Wednesday, May 18, 2016

A RESPECTFUL RELATIONSHIP

Ever since 1840 Māori have sought a respectful and equal constitutional relationship with the Crown as promised in Te Tiriti o Waitangi.  That has not occurred, as the history and consequence of colonisation too clearly show.[1]
 
Yet Māori have never abandoned the treaty promise.  Whether it was the establishment of Kotahitanga or the Kingitanga, or the discussions prior to the first sitting of the Māori Parliament at Waipatu in 1892, or even the establishment of Māori Congress nearly a century later, the kaupapa of constitutionalism has always been present.

When the Iwi Chairs’ Forum was established at a National hui held at Takahanga Marae in Kaikoura in 2005, it was the latest step in that history of revitalising tino rangatiratanga and seeking a proper treaty-based relationship with the Crown. 

Shortly after its establishment, the Forum established a process of meeting Ministers and officials of the Crown.  But by 2010 it was concerned about the lack of progress being made on key issues such as water use management, the environment, housing, education, welfare, and treaty settlement policy. 

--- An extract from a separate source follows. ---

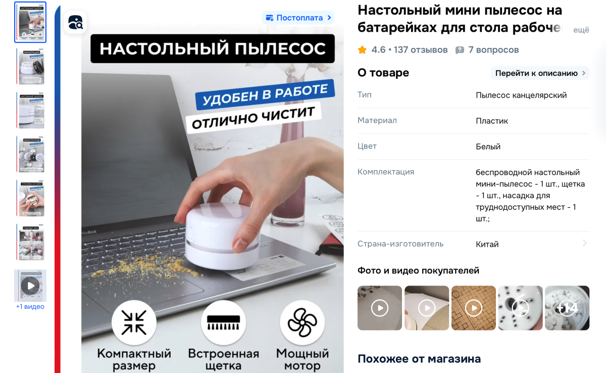 Компактный помощник предназначен для быстрой уборки на рабочем или детском столе. В описании товара сказано, что пылесос на батарейках достаточно мощный, чтобы справиться с пылью и крошками. Также хорошо поможет с очисткой клавиатуры. В отзывах девушка рассказала, что использует гаджет в салоне красоты, чтобы избавиться от маникюрной пыли. Мини-пылесос стоит от 10,67 до 40 рублей.

In some cases, any options offered by Māori were simply ignored or subordinated to Crown policy imperatives, and a sense developed that the lack of progress was not just due to Crown disinterest or to a disconnect between the policy aspirations of the Crown and Māori.  Rather the cause was a fundamental imbalance between the Crown’s exercise of constitutional authority and the constitutional powerlessness of Māori.

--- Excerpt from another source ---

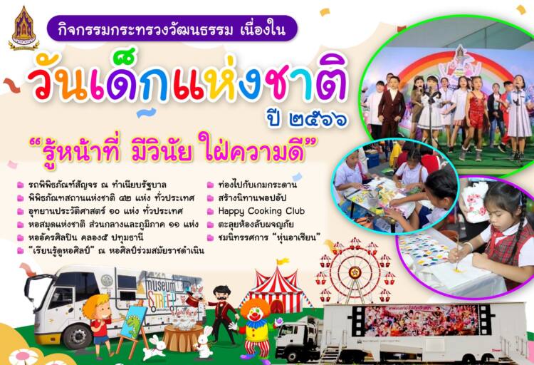 วธ.เผยโพลเด็กไทย ปี’66 ร้อยละ 63.97 รู้คำขวัญวันเด็ก “รู้หน้าที่ มีวินัย ใฝ่ความดี” ฝันอยากเป็นอาชีพ “ครู” มากที่สุด อยากไปร่วมงานวันเด็กที่โรงเรียน-หน่วยงานราชการ-สวนสนุก-พิพิธภัณฑ์ เป็นอันดับแรกๆ แนะให้จัดกิจกรรมส่งเสริมเด็กด้านคุณธรรม จริยธรรม ความรู้ ขณะที่กิจกรรมด้านศิลปวัฒนธรรมของ วธ. ที่เด็กอยากร่วมงาน “เด็กดีวิถีไทย” ชมแหล่งเรียนรู้ฟรีทั่วประเทศ และ“เรียนรู้ดูหอศิลป์” มากที่สุด

That realisation was not new.  Forum members were all well-acquainted with the Crown’s exercise of unilateral power ever since the signing of Te Tiriti o Waitangi.  Indeed the very notion of Crown breaches of Te Tiriti is, at its core, a question of constitutionalism and the use, or misuse, of the power taken by the Crown in 1840.

Therefore the Forum sought advice on a number of constitutional issues.  At its August 2009 hui at Hopuhopu, Judge Caren Fox presented a paper, “Change, Past and Present”, noting that, historically, tūpuna Māori were familiar with the notion of political autonomy and had long developed a fluid and dynamic constitutionalism that provided a natural “rhythm” and order to Māori society.

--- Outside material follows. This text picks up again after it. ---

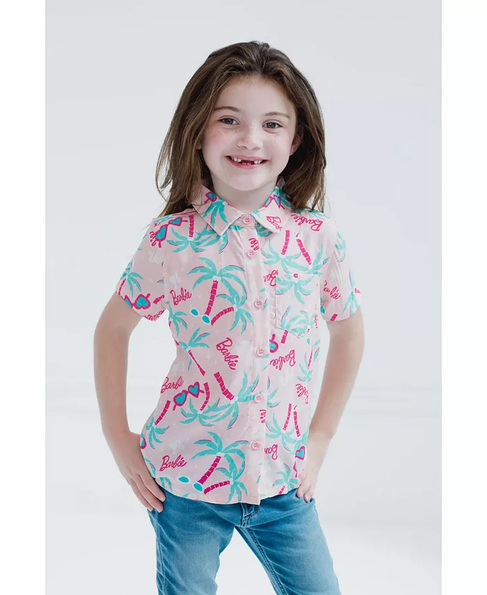 Официально лицензированная рубашка для больших девочек Барби с воротником и короткими рукавами на пуговицах

At the Forum’s next hui at Haruru in February 2010, reference was made to another paper, “Constitutional Transformation”, written by lawyer Moana Jackson in which the concepts of Māori constitutionalism were further explained. 

After more discussion, a constitutional plan of action was proposed, including the formation of Matike Mai Aotearoa, the Independent Working Group on Constitutional Transformation.  Membership of the Working Group consisted of iwi and other representatives chosen for their tikanga or constitutional expertise.  Extra members were co-opted from time to time, and kaumātua and kuia were approached for advice and guidance.



In spite of funding restraints, they eventually held 252 hui between 2012 and 2015, and their report was officially released in February 2016.  Its findings strengthen the quest for the respectful and equal relationship promised in Te Tiriti.



[1] Second edited extract (pp. 12 – 13) of He Whakaaro Here Whakaumu Mo Aotearoa, the Report of Maite Mai Aotearoa – The Independent Working Group on Constitutional Transformation.